Hansen no contestó. Sacudió la cabeza y se fue a calibrar unos cilindros. Así consiguió Arturo su designación para Epulafquen, un lugarejo perdido en el extremo noroeste del territorio de Neuquén. Fue a buscar en seguida, en el mapa, la ubicación de esa escuela. «¡Dios mío, —dijo luego agarrándose la cabeza—,

dónde me toca ir!. . » Era en el confín del país, en los límites con Chile, más allá de

la famosa Cordillera del Viento. Esa noche el mozo no durmió. Primero porque esas cordilleras lo traían pensativo. Y luego porque hacía varios días que se sentía como afiebrado. Pensó mucho esa noche si debería o no decirle a su padre que no se sentía de ir. Pero luego triunfaba siempre el muchacho de carácter:

«¡Cómo! —se decía— has estado esperando siete meses el nombramiento que tú habías pedido «para cualquier parte» y ahora que te lo entregan te echas atrás ? Eso no debe ser. . »

Cuando se despidió de su madre, sus ojos estaban empañados por la emoción. Su padre notó que las manos de Arturo estaban cálidas; pero creyó que fueran las impresiones de esos días.

En Viedma le dieron las instrucciones y el pasaje hasta Zapala. Afortunadamente desde Bahía Blanca a Neuquén consiguió cama. Eso lo repuso bastante. Pero cuando descendió en Zapala, el viento helado de ese invierno que comenzaba amenazador, le hizo ver que estaba muy débil para luchar contra los bravos elementos del sur. .. Pasó un día en un hotel de Zapala, en el hotel que decían «de doña Paca». Al otro día, trepó Arturo en un camión que se aventuraba a viajar hasta Chos Malal, y siguió rumbo a su destino. Digo trepó porque hasta río Agrio debió ir el maestro sobre los mil y un bártulos que llevaba el camionero. Más allá del Agrio, donde quedó un viajero, ya tuvo lugar en la cabina. Pero esas horas que pasó allá arriba, sacudido por el zangoloteo del vehículo y con un frío tremendo, le hicieron mucho daño. Llegaron finalmente a Chos Malal. Era de noche. La balsa estaba del otro lado del río. Hubo que pasar la noche, envueltos en ponchos, en la cabina del camión y con los pies helados. .. Al otro día llegaron al pueblo.
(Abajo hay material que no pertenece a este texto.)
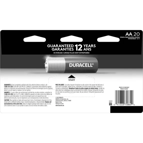 Duracell Coppertop batteries with POWER BOOST™ Ingredients deliver dependable power to your everyday devices throughout the home, like toys, remote controls, flashlights, calculators, clocks and radios, wireless mice, keyboards, and more. With a guarantee of 12 years in storage, you can rest assured they'll be ready when you need them. Duracell guarantees these batteries against defects in material and workmanship. From storm season to holiday needs, Duracell is the #1 trusted battery brand for the moments that matter most.

Un maestro de Chos Malal le consiguió un caballo y le enseñó el camino hasta Andacollo.

¡Oh, los pensamientos de Arturo, cuando iba trepando cerros y bajando valles, siempre circundado por el blanco manto de la nieve! Más de una vez caían de sus ojos unos lagrimones caldeados sobre sus manos heladas. Pero él seguía andando y dando rienda al caballo cordillerano, ya hecho a esos caminos. Deshecho, afiebrado, con vahídos en la cabeza y bascas1 en el estómago, llegó el

joven maestro a Andacollo. Allí los colegas lo recibieron y agasajaron como pudieron. Cuando vieron el estado en que estaba, le aconsejaron que no siguiera. Pero, como a la tarde llegaron unos arrieros que decían traían recado del vecindario de acompañarlo hasta Epulafquen, Arturo no quiso defraudarlos. Y al día siguiente, con el alba, salieron. . .
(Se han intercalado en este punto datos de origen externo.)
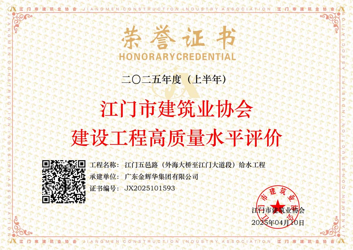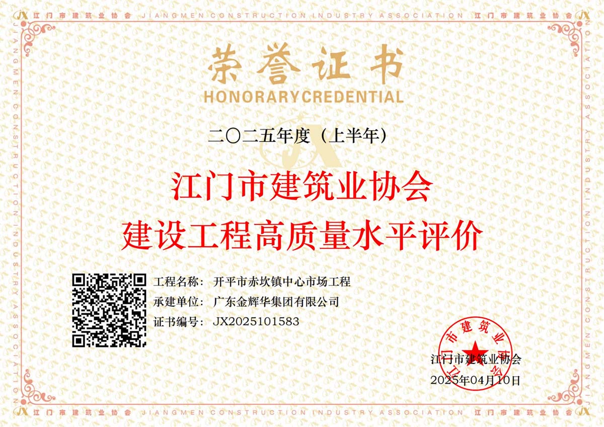 獲江門市建筑業(yè)協(xié)會(huì)建筑工程高質(zhì)量水平評價(jià)2項(xiàng)

Había trocado su manso doradillo por una mula zaina. Las piernas y asentaderas le dolían terriblemente. La cabeza le daba vueltas. Para peor, a poco de haber salido, comenzó a nevar.

Vamos a apurarnos, —dijo el baqueano—, porque si no, la cordillera no va

a dar paso... ¡Hum! Le tengo miedo a la nieve que comienza con la luna nueva...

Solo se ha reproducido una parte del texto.